Primary Submission Category: Mediation Analysis, Mechanisms
Semiparametric Inference for Causal Path-Specific Effects in Longitudinal Studies
Authors: Xiaxian Ou, Razieh Nabi, Xinwei He,
Presenting Author: Xiaxian Ou*
We develop a semiparametric framework for estimating and conducting inference on causal path-specific effects in longitudinal studies involving multiple or repeatedly measured treatments, mediators, and confounders. The framework accommodates general longitudinal structures, including differing measurement intervals and varying numbers of mediators across time. Our framework focuses on estimation and inference for identifiable effects under the edge g-formula, allowing for binary, continuous, or multivariate mediators and certain patterns of unmeasured confounding among treatments, mediators, and the outcome.
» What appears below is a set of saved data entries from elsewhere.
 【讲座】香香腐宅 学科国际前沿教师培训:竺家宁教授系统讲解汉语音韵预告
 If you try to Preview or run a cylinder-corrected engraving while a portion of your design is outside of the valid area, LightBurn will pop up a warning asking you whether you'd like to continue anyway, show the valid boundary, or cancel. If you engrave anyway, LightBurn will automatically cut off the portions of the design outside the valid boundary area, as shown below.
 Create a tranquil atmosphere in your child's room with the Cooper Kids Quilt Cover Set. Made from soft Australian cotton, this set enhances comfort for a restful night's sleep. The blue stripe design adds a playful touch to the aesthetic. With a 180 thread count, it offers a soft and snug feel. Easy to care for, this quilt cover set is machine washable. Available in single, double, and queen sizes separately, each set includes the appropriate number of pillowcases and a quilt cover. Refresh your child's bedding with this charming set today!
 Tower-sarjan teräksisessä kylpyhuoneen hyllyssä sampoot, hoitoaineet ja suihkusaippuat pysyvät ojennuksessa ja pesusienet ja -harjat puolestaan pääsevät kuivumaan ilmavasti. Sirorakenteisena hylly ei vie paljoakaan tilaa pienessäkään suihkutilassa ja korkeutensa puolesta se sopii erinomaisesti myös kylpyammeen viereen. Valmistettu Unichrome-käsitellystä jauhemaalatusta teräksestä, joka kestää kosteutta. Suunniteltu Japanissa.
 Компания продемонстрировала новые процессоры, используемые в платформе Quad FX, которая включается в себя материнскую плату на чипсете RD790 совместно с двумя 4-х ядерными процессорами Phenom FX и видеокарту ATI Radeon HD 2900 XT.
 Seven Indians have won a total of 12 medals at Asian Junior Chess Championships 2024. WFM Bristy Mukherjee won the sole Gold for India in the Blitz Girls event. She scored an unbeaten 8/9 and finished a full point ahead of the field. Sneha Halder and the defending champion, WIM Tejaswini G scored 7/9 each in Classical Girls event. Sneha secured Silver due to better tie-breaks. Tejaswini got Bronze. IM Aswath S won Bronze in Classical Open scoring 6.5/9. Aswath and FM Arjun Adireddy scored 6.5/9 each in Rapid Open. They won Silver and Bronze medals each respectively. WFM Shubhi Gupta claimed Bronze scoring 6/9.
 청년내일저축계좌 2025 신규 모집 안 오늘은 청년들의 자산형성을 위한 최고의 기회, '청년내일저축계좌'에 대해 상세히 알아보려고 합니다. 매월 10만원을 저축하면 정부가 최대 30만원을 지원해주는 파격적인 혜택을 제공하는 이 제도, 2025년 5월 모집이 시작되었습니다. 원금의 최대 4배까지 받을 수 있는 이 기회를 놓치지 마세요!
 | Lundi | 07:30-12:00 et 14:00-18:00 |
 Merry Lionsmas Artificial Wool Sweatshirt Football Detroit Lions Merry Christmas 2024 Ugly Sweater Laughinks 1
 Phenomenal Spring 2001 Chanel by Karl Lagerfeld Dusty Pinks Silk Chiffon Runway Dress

We propose multiply robust estimators derived from influence function theory that integrate data-adaptive machine learning techniques, and we establish rate conditions for their asymptotic linearity, efficiency, and robustness to nuisance misspecification. We further extend the framework to include a sensitivity analysis procedure that evaluates the impact of violations of cross-world ignorability assumptions. Simulation studies and an empirical application using the Framingham Heart Study demonstrate the method’s performance. An accompanying R package, flexPaths, was developed to facilitate implementation of the proposed methods.